Evolutionary biology studies usually concentrate on a limited subset of species within a clade, overlooking numerous lineages, either because they are extinct, because they are unknown or because they are simply not included in the carried analysis. Given that most species are extinct or unknown, these overlooked lineages (or “ghosts”) are thought to represent the vast majority.
When studying horizontal evolutionary processes, such as endosymbiosis, horizontal gene transfers or introgressions, overlooking these ghost lineages can have an important impact because gene flows are likely to involve, as donors or recipients, these lineages. Interestingly, this possible confounding effect of ghosts has been neglected or at least minimized in studies so far.

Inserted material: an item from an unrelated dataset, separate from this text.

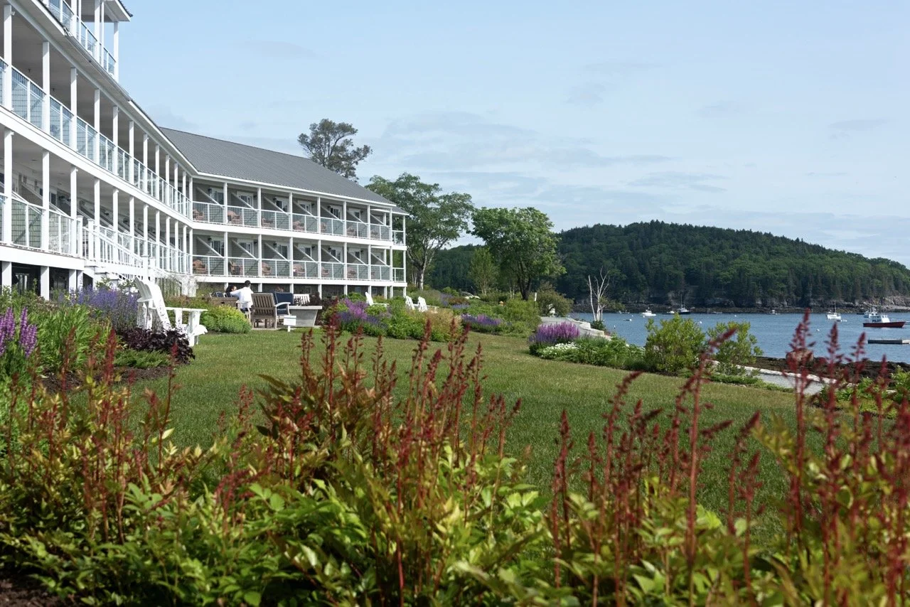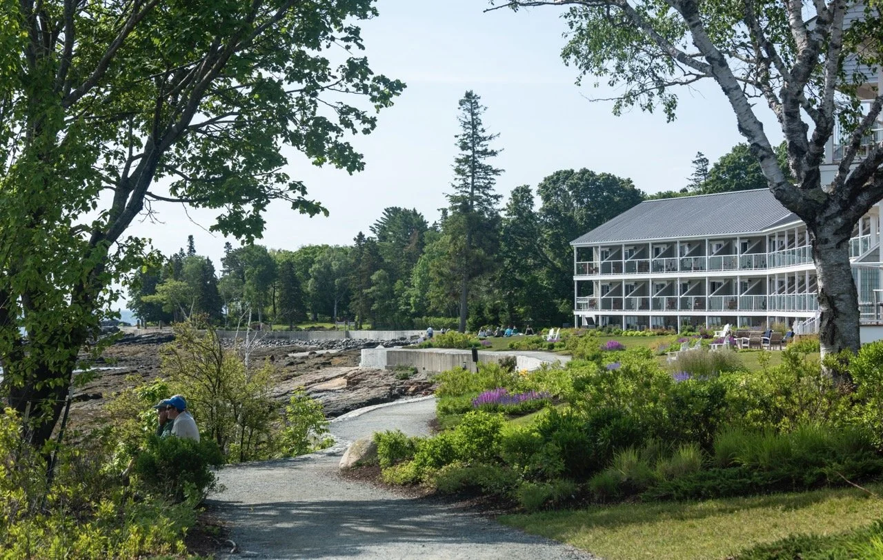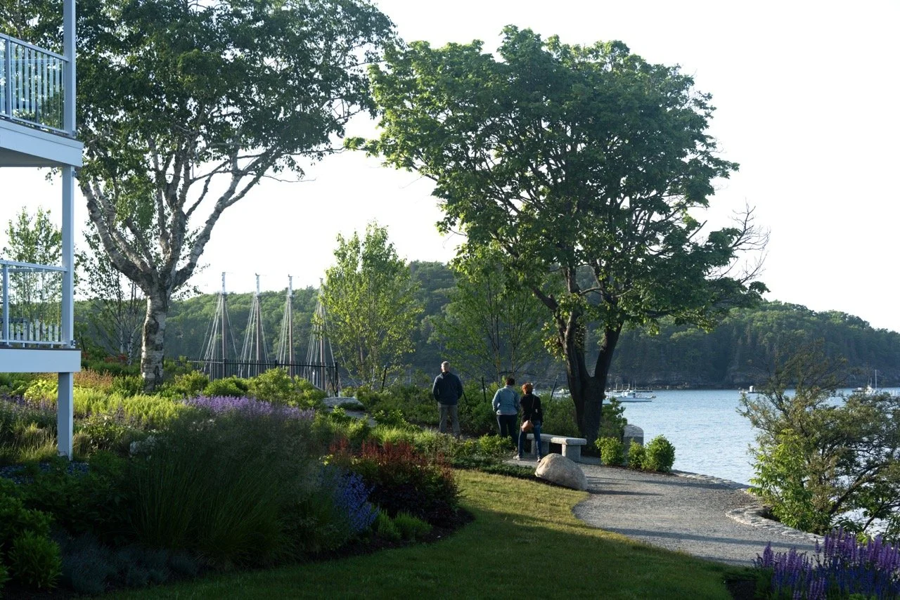 The Bar Harbor Inn is a classic New England destination located on the waterfront in the heart of Bar Harbor. The Inn grew haphazardly from an 1887 shingle-style building to an 8-acre complex including hotel wings accommodating 150 guest rooms, a spa building, and a pool. LARK Studio has been working with the Inn for a decade on designing and implementing a campus plan that has included renovation and upgrades to circulation, parking, and building access. Additional phases of the plan have included a restaurant terrace, spa, hot tubs, patios, gardens, an infinity-edge pool, and a wedding lawn that looks out across the bay. Most recently LARK assisted in reconstruction of an oceanfront path and seawall that were washed out in winter storms, adding seating, terraces and extensive ornamental plantings along the path and around the buildings as part of the project.

Using simulations, we characterized and quantified the impact of ghost lineages on popular methods used to detect horizontal gene flow at various evolutionary scales [1,2]. We show that under the weak hypothesis that unsampled taxa are legion compared to sampled ones, both the donor and recipients of gene flow can be misidentified in many cases, and the conclusions of various studies can become unfounded or even reversed.
To end on a more positive note, we will present recent results showing that ghost lineages do not simply deceive gene flow detection methods: they may leave a signature in phylogenetic trees that can be detected to predict, along the branches of a species tree, the amount of these unseen (ghost) lineages.
[1] Théo Tricou, Eric Tannier, Damien M. de Vienne. 2022. Ghost lineages can invalidate or even reverse findings regarding gene flow. PLoS Biology. 20(9) : e3001776.
[2] Théo Tricou, Eric Tannier, Damien M. de Vienne. 2022. Ghost lineages highly influence the interpretation of introgression tests. Systematic Biology. 71(5):1147–1158.